L’arroseur arrosé
Imaginez une Pasionaria black comme on n’en fait plus. À la fois fine et forte, femme de tête autant que de jugement, persévérante au point de décrocher son MBA en ne négligeant rien de ses tâches d’infirmière, suffisamment battante pour se faire réélire six fois de suite au Congrès, une fille populaire et successful, lauréate d’une kyrielle de récompenses et élue « Femme de l’année » en 2001 par ses copains du Black Caucus. Alors, vous aurez devant vous Eddie Bernice Johnson, la « gentlewoman du Texas », première femme et première Africaine-Américaine à siéger à la Chambre des représentants pour faire entendre la voix des démocrates de Dallas. En ces temps où même les superhéros ont du vague à l’âme – voyez donc le dernier Spiderman au cinéma -, il faut la féliciter d’avoir entrepris une « mission impossible ».

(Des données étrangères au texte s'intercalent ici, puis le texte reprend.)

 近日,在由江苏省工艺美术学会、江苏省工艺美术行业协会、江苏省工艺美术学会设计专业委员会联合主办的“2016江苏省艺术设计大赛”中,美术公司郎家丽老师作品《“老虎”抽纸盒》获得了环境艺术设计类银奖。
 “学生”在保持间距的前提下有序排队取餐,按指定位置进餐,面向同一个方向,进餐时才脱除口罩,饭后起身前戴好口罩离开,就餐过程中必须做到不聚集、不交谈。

Preuve qu’Eddie Bernice est de ces femmes au caractère trempé : elle a ni plus ni moins décidé de demander aux Nations unies de déployer des observateurs internationaux pour veiller au bon déroulement de l’élection présidentielle américaine du 2 novembre. Les bras m’en tombent. Comment ? Dans ce grand pays démocratique, chantre de la vertu du bulletin de vote sous toutes les latitudes, la confiance ne régnerait-elle pas ? L’urne du Kansas ne vaudrait pas tripette ? Obligé de faire appel à des p’tits gars du Malawi, du Lesotho ou de Guinée- Conakry pour vérifier que tous les citoyens ont perforé leur carte d’électeur et que 2 + 2 font bien 4, et pas 5.

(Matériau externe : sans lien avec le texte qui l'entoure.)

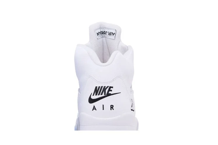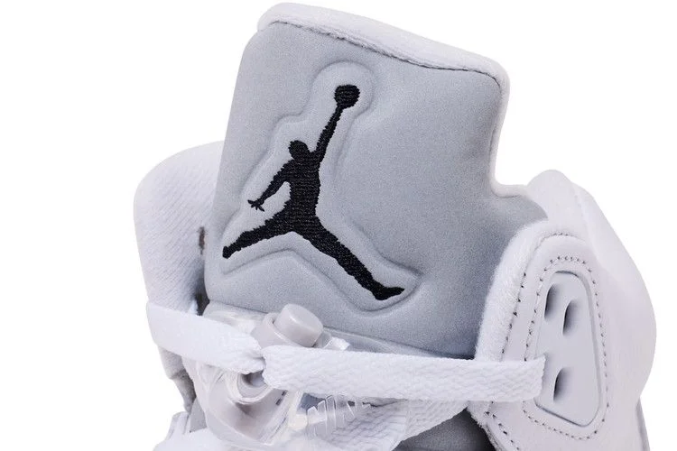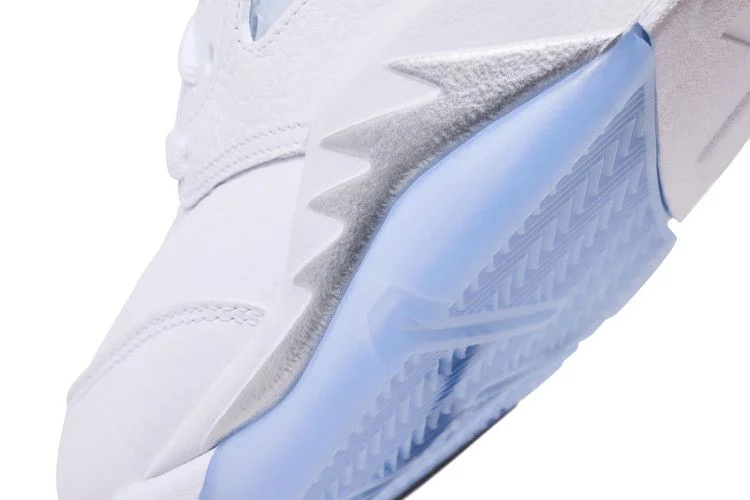 Модель Air Jordan 5 Retro «White Metallic» 2026 года возрождает нестандартную цветовую гамму модели, разработанной Тинкером Хэтфилдом. Эта пара соответствует оригинальному выпуску 2000 года: верх из белой кожи с формованными в тон проушинами и полупрозрачной сеткой на боковых панелях. Помимо вышитой цифры «23» на боковой пятке, элементы брендинга включают значок Jumpman на серебристом светоотражающем язычке и надпись «Nike Air» на задней пятке. Металлизированный серебристый зуб акулы украшает белую полиуретановую межподошву, дополненную вставкой Air-Sole в области пятки и усиленной полупрозрачной резиновой подошвой.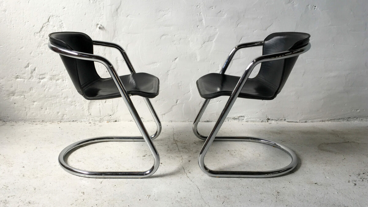 Włoskie krzesła składane z lat 70/80-tych utrzymane w stylistyce projektów Arrben. Krzesła są bardzo ergonomiczne, świetnie zaprojektowane i wykonane z dbałością o detal z wysokiej jakości materiałów. Konstrukcja krzeseł jest chromowana, siedziska są skórzane. Stan zachowania krzeseł jest bardzo dobry. Sprzedajemy krzesła wyłącznie w zestawach parzystych.

Je plaisante, mais pas Eddie Bernice. Elle veut à tout prix « éviter que se reproduise le cauchemar de l’année 2000 ». Et pas question de recaler sa démarche pour vice de procédure : elle a suivi la voie hiérarchique et écrit au secrétaire d’État Colin Powell, qui doit transmettre la requête à Kofi Annan. Mais pourquoi tant d’ire ? Parce qu’un rapport de la Commission fédérale sur les droits civiques de 2001 avait conclu que « le processus électoral en Floride en 2000 avait abouti à nier le droit de voter à un grand nombre de personnes ». Or, depuis, George Bush n’a pas levé le petit doigt pour réparer la machine. Un vrai scandale, qui pourrait bien conduire, en novembre prochain, la seule superpuissance qu’il nous reste sur cette planète à se voir contrainte de subir un « affront » : le jugement d’États lilliputiens qui aimeraient rendre la monnaie de sa pièce à l’Oncle Sam.